Exercise aim:
Starting with the line below that holds "Roller girl unscrewing" and stopping after the line that holds "評価差額 | 組替・振替 |", transcribe the lines exactly, leaving out all pictures.

Material provided:
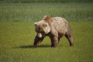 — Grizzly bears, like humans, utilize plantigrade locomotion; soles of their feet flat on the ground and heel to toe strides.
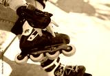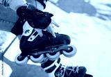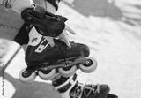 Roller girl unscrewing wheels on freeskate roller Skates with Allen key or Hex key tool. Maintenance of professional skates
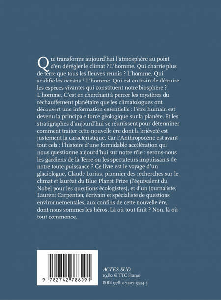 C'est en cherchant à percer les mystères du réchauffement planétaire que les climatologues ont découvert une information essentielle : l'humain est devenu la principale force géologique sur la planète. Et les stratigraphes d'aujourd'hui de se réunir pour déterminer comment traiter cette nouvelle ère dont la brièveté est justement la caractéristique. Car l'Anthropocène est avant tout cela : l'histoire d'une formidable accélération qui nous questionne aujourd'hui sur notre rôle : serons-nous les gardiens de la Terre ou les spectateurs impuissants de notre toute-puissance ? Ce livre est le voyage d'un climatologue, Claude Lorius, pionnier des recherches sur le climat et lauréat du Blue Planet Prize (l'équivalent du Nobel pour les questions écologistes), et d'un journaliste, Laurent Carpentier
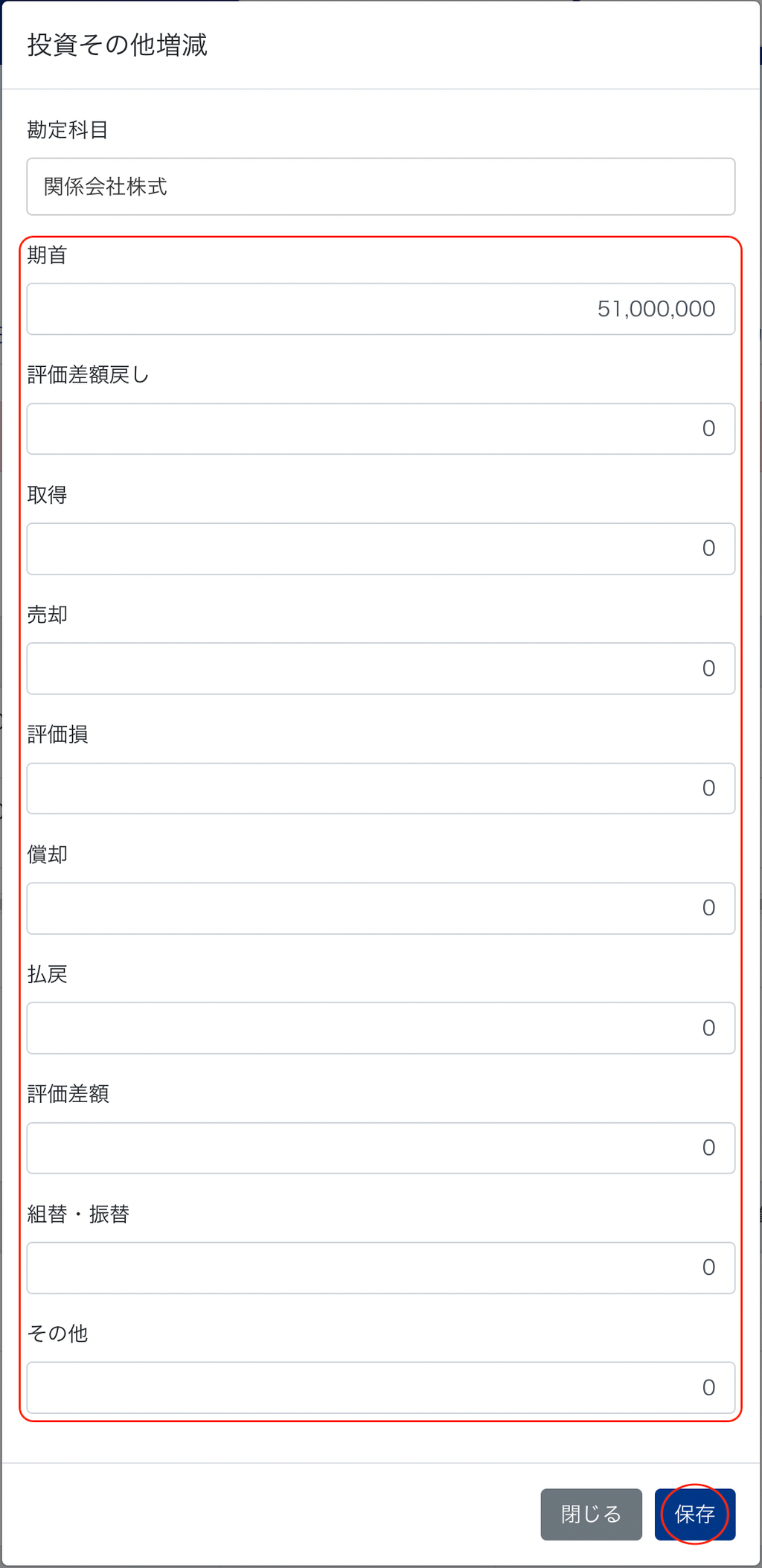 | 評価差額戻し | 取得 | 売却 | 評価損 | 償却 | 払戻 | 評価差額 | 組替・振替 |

---

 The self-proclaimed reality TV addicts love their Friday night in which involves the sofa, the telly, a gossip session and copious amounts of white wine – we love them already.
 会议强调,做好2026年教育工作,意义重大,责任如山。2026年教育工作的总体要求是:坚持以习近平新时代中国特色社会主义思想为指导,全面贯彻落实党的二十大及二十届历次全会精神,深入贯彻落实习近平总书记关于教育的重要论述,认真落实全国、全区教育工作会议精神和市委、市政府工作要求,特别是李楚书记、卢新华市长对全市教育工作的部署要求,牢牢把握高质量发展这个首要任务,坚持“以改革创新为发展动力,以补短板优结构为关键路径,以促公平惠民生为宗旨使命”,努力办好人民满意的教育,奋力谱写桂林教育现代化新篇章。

--

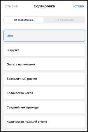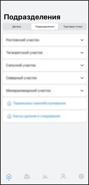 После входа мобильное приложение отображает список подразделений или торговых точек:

Answer to this exercise:
 Roller girl unscrewing wheels on freeskate roller Skates with Allen key or Hex key tool. Maintenance of professional skates
 C'est en cherchant à percer les mystères du réchauffement planétaire que les climatologues ont découvert une information essentielle : l'humain est devenu la principale force géologique sur la planète. Et les stratigraphes d'aujourd'hui de se réunir pour déterminer comment traiter cette nouvelle ère dont la brièveté est justement la caractéristique. Car l'Anthropocène est avant tout cela : l'histoire d'une formidable accélération qui nous questionne aujourd'hui sur notre rôle : serons-nous les gardiens de la Terre ou les spectateurs impuissants de notre toute-puissance ? Ce livre est le voyage d'un climatologue, Claude Lorius, pionnier des recherches sur le climat et lauréat du Blue Planet Prize (l'équivalent du Nobel pour les questions écologistes), et d'un journaliste, Laurent Carpentier
 | 評価差額戻し | 取得 | 売却 | 評価損 | 償却 | 払戻 | 評価差額 | 組替・振替 |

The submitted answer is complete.